Photo by John Schreiber.
Photo by John Schreiber.

A state appeals court panel refused Monday for the second time to overturn a man’s conviction for the 1988 murders of auto racing legend Mickey Thompson and his wife, who were gunned down in the driveway of their Bradbury home.

Michael Goodwin’s conviction was first upheld on Jan. 26 by a three- justice panel from California’s 2nd District Court of Appeal Jan. 26. A petition to rehear the case was filed Feb. 10 and denied today by the same panel.

Goodwin was found guilty in January 2007 of two counts of first-degree murder and was sentenced to life in prison without the possibility of parole. Prosecutors said he ordered the killings over a failed business deal that cost him nearly $750,000.

Thompson, 59, and his 41-year-old wife, Trudy, were gunned down around 6 a.m. on March 16, 1988, in the driveway of their home in the gated San Gabriel foothills community as they headed to work at the Anaheim Stadium offices of Mickey Thompson Entertainment Group.

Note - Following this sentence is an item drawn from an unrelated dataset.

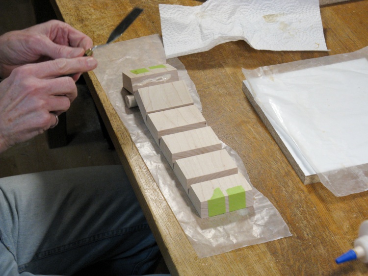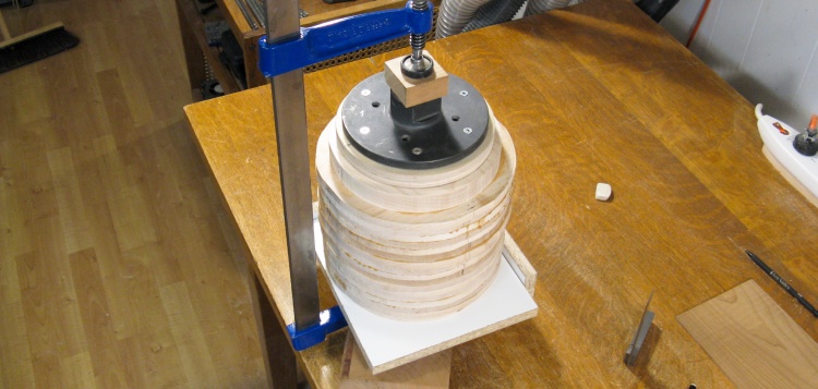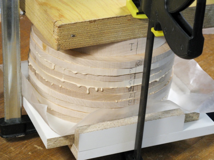 I glued up only half the layers at a time so the stack was more manageable. Here the bottom layers are being clamped while glue gooshes out.

The killers, described by witnesses as a pair of men in their 20s, escaped on 10-speed bicycles and were never caught.

In his appeal, attorneys for Goodwin alleged a series of errors by prosecutors and the judge who presided over the trial and challenged eyewitness testimony as weak.

His appellate attorney, Gail Harper, acknowledged that her client was an “angry man” who was “known for his loudness and over-the-top statements,” but said “being a jerk isn’t a crime.”

It its January ruling, the appeals panel agreed with the trial judge’s assessment that the case was based on circumstantial evidence. But “the circumstantial evidence was overwhelming,” the justices said, noting that the “defendant repeatedly threatened to kill Mickey Thompson and hurt his family.”

“The Thompsons were killed in a carefully planned operation for which there was no robbery or other motive,” according to the ruling. “Defendant was present in the neighborhood with binoculars and another person a few days before the murders. The shooters knew where and when to find the Thompsons, how to get to their house and how best to escape the scene.”

Thompson set four international speed records in 1959 and went on to set more than 100 international or national speed marks through 1962, according to the International Motorsports Hall of Fame, which posthumously inducted him in 1990.